Niar yang duduk di depan Flo mendongak pelan. “Oh jadi itu suara kamu, Flo?”
“Elo kenapa sih, Flo?” tanya Wahyu.
“Pantesan dari pagi mukanya kusut bin lecek kayak duit sisa selembar di dompet yang kesepian karna akhir bulan,” sindir Dante jenaka hingga membuat beberapa orang tertawa.
Flo mendelik ke arah Dante yang menurutnya bercandanya garing. “Berisik banget, sih,” protes Flo.
“Kerja kerja, inget deadline!” Suara Inka sontak membuat semua diam. Salah satu staf marketing yang terkenal galak dan jika sudah suara maka semua akan memilih diam. Bukan karena takut tapi karena malas berdebat dengan sesepuh marketing.
Di dalam divisi marketing Graha Food terdapat 10 karyawan termasuk Flo dan satu Marketing Director bernama Hanum. Meski di dalam divisi terdiri dari orang dengan berbagai karakter yang terkadang menimbulkan kegaduhan tapi pekerjaan mereka sangat bagus dan tim mereka juga sangat solid. Flo yang baru bergabung juga merasa tempat ini nyaman dan sambutannya sangat hangat.
Kembali pada suasana ruangan. Mirah yang sejak tadi memperhatikan keadaan Flo, akhirnya perlahan menggeser tempat duduknya, mendekati rekan kerja sekaligus sahabat baiknya. Ia ingin tahu apa yang terjadi semalam dan dengan siapa Flo pulang dari klub. Sejak ia datang, belum sempat bertanya karena pekerjaan yang menyerbu mereka. Apakah sikapnya ini karena masih ingat tentang Nino atau tentang yang lain.
“Flo,” bisik Mirah.
Flo menoleh dengan tatapan dingin tanpa memberi jawaban. Setelah itu kembali fokus pada layar laptop di depannya walaupun ia tidak mengerjakan apa.
“Flo,” panggil Mirah kembali.
“Apaan sih?” tanya Flo ketus.
“Elo baik-baik aja?” tanya Mirah hati-hati.
“Jangan nanya sekarang. Please, mood gue ancur banget.”

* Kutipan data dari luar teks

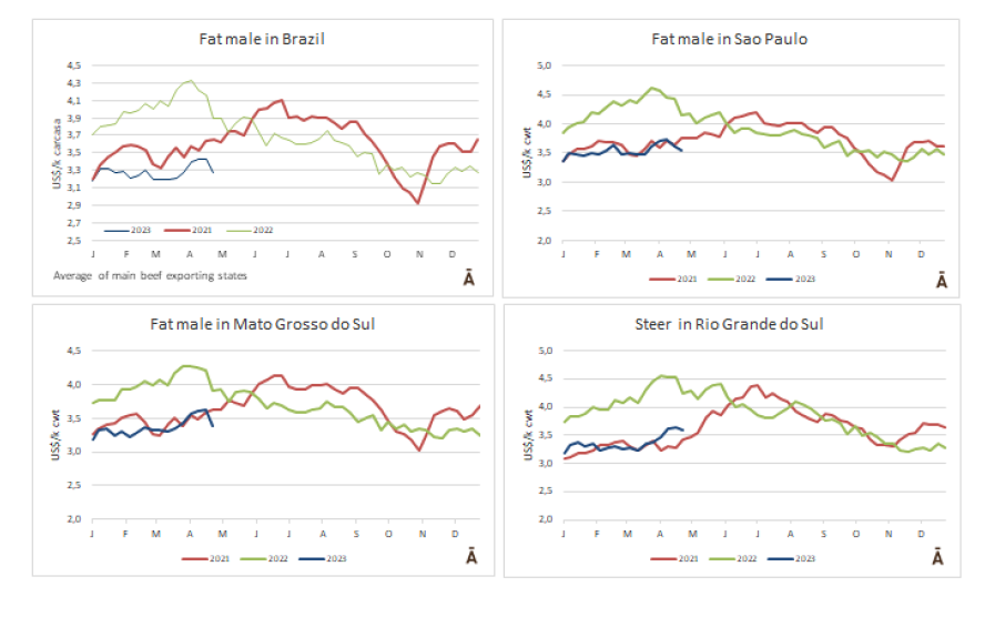 巴西主要養(yǎng)牛州的成品牛平均價格下跌$0.14,至$3.28/kg cwt,回到了3月底的低點。

Jawaban sahabatnya membuat Mirah menghela napas, lalu memilih menarik diri kembali ke meja kerja miliknya. Sepertinya kondisi Flo saat ini benar-benar tidak bisa diganggu. Ia tahu betul bagaimana sifat Flo, jika wanita itu meminta diam maka memang harus diberikan waktu sendiri. Jika kondisinya membaik maka Flo akan bercerita dengan sendirinya, tanpa perlu dipaksa.
“Halo guys, kita ke ruang meeting sekarang ya. Saya ada pengumuman buat kalian.” suara semangat dan hangat dari Hanum sebagai Marketing Director, membuat suasana ruangan divisi marketing yang tenang mendadak riuh. Wanita yang umurnya sudah menyentuh angka kepala tiga selalu saja membawa semangat bagi tim marketingnya. “Tidak akan lama jadi waktu kerja kalian tidak akan tersita banyak.”
Semua sudah berada di ruangan yang selama ini menjadi tempat meeting dari divisi marketing. Ruangan dengan ukuran yang tidak terlalu luas tapi di sini lahir beberapa ide pemasaran yang mampu membuat penjualan produk melesat tinggi.
“Kaget ya? Kita ngobrol santai aja. Oke?” Hanum duduk di ujung meja panjang dan di sebelahnya duduk para anggota timnya.
Semua orang di ruang meeting mendadak tegang, padahal Hanum terkenal selalu membuat suasana kerja hangat dan menyenangkan. Flo yang baru gabung pun bisa merasakan vibe bersama Hanum memang sangat positif.
“Ada apa, Bu?” tanya Mirah. “Apa ini menyangkut masalah produk yang akan launching?”
Hanum menegakkan posisi duduknya, melipat kedua tangannya di atas meja. “Saya mau menyampaikan hal yang mungkin akan membuat kalian terkejut. Bulan depan saya akan resmi resign dari perusahaan ini.”
“Hah?” Flo mendadak bersuara dengan wajah kaget, sama seperti yang lain.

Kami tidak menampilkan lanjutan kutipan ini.